BEGIN

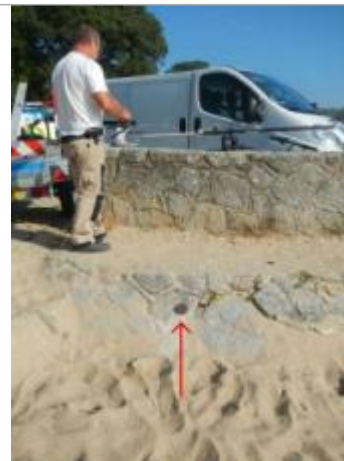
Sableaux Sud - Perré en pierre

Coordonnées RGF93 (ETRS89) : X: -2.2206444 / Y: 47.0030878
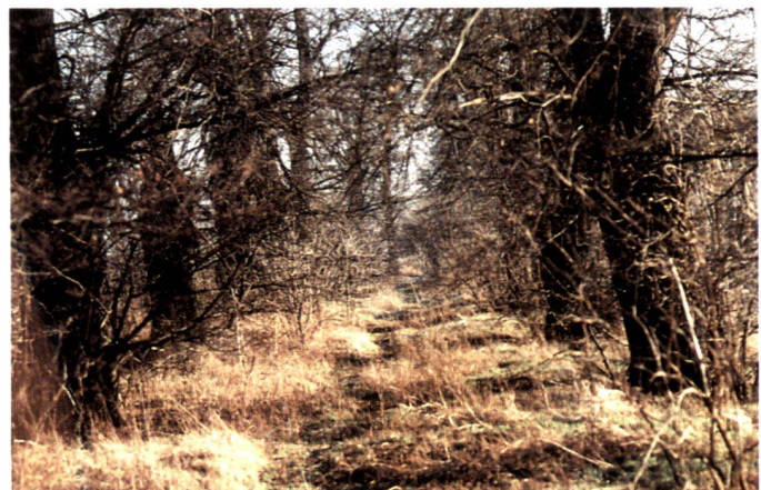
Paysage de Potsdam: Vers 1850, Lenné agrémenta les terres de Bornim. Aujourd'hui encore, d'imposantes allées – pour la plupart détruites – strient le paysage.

END
BEGIN

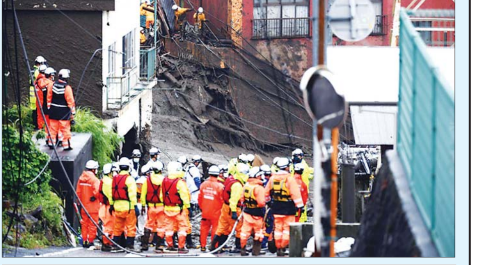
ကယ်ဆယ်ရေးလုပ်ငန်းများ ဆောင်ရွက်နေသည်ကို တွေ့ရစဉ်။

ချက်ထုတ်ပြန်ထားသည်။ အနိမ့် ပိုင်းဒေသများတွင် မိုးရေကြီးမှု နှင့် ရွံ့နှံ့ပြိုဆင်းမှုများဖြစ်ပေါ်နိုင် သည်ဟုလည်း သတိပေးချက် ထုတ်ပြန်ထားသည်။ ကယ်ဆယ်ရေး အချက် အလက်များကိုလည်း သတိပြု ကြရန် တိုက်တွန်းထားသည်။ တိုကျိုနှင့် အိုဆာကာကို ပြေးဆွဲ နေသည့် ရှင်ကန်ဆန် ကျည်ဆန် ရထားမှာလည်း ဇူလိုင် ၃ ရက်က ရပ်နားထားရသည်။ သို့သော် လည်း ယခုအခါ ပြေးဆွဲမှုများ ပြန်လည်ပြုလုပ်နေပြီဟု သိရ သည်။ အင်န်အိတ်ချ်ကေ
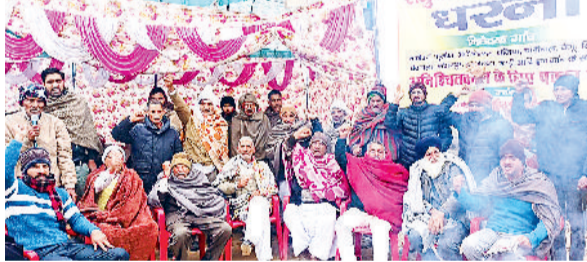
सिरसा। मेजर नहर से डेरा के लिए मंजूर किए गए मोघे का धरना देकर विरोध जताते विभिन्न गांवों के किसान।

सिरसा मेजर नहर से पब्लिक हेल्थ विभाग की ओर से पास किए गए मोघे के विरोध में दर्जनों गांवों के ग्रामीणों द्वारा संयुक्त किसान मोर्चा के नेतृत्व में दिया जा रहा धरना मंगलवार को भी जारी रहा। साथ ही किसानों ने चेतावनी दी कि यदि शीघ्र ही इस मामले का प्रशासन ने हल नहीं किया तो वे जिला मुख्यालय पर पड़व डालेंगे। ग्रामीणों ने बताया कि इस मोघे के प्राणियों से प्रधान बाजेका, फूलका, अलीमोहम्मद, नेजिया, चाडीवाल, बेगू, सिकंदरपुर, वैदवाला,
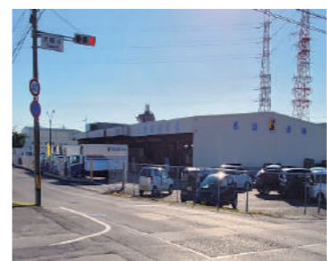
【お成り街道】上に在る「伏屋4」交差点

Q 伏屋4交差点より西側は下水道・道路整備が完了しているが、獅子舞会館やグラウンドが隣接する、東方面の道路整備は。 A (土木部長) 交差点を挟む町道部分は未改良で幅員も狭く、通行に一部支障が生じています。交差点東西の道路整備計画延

END
BEGIN

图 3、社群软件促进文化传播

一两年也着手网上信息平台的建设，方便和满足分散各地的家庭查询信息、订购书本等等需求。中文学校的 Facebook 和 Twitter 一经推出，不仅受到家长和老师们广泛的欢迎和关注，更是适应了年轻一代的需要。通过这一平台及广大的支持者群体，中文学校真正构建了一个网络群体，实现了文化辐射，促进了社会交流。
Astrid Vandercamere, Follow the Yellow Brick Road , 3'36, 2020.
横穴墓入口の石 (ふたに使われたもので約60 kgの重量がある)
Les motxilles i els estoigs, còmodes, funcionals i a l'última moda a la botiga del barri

END

(WHAT YOU WILL DO)
Copy only what runs above from the line containing "Sableaux Sud - Perré en pierre" through the line containing "Paysage de Potsdam: Vers", exactly. Leave out the pictures.

(EXPECTED ANSWER)
Sableaux Sud - Perré en pierre

Coordonnées RGF93 (ETRS89) : X: -2.2206444 / Y: 47.0030878
Paysage de Potsdam: Vers 1850, Lenné agrémenta les terres de Bornim. Aujourd'hui encore, d'imposantes allées – pour la plupart détruites – strient le paysage.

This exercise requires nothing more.